New Hampshire company recalling sausage products

A New Hampshire food company is recalling over 2,600 pounds of ready-to-eat sausage products that could contain metal. The US Department of Agriculture announced the recall Saturday for North Country Smokehouse, of Claremont. The recall includes: 1-pound vacuum-packed packages of ‘‘old-fashioned Polish-style kielbasa’’ with a use-by date of May 9; 12-ounce vacuum-packed packages containing ‘‘natural old-fashioned Polish-style kielbasa’’ with a use-by date of April 23; and 1-pbound vacuum-packed packages containing ‘‘Kilchurn Estate Smoked Kielbasa’’ with a use-by date of May 9. The products subject to recall bear the code ‘‘EST. 5390A’’ inside the USDA mark of inspection. — ASSOCIATED PRESS


Average bonus falls $30k but is still over $150k

New York state’s comptroller says the average bonus paid to Wall Street security industry employees dipped by more than $30,000, despite an 11 percent increase in securities industry profits in 2018. Comptroller Thomas DiNapoli’s annual estimate of the average bonus paid to security industry employees was released on Tuesday. The Democrat’s report says the average bonus fell 17 percent, from $184,400 in 2017 to $153,700 last year.

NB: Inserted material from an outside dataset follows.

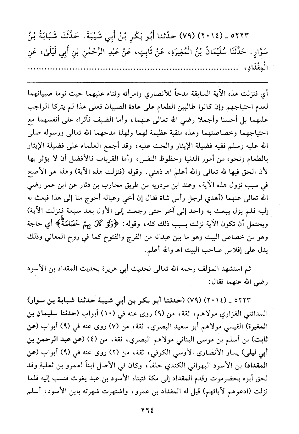 ٥٢٢٣ - (٢٠١٤) (٧٩) حدثنا أَبُو بَكْرِ بْنُ أَبِي شَيبَةَ. حَدَّثَنَا شَبَابَةُ بْنُ سَوَّارٍ. حَدَّثَنَا سُلَيمَانُ بْنُ الْمُغِيرَةِ، عَنْ ثَابِتٍ، عَنْ عَبْدِ الرَّحْمنِ بْنِ أَبِي لَيلَى، عَنِ الْمِقْدَادِ،

Home building down in February

The number of homes under construction fell 8.7 percent in February, as groundbreakings for single-family houses plunged to their lowest level in nearly two years. The Commerce Department said that builders started construction at a seasonally adjusted annual rate of 1.16 million units last month, down from a 1.27 million pace in January. The setback stems from a 17 percent drop in the building of single-family houses, which posted the weakest pace since May 2017. — ASSOCIATED PRESS


Uber buys Mideast company for $3.1b

Ride-hailing service Uber announced on Tuesday it has acquired Mideast competitor Careem for $3.1 billion, giving the San Francisco-based firm the commanding edge in a region with a large, young, tech-savvy population. Uber said the purchase consists of $1.7 billion in convertible notes and $1.4 billion in cash. It marks the largest technology transaction in the Middle East — outside of Israel — and propels the Dubai-based firm to legendary status among the region’s budding tech startup scene. — ASSOCIATED PRESSS


Proposed legislation in New York would ban robocalls

Robocalls would be effectively banned in the state of New York under legislation proposed by lawmakers who say the irritating, relentless calls are a top complaint from constituents. The measure, which passed a Senate committee Tuesday, would prohibit telemarketers from using automatic dialing technology to contact a New Yorker for commercial purposes if they don’t have the person’s prior consent. Companies that violate the rule could face fines of up to $2,000 per call. Additionally, telephone companies would be required to offer free services to consumers allowing them to prescreen and block robocalls.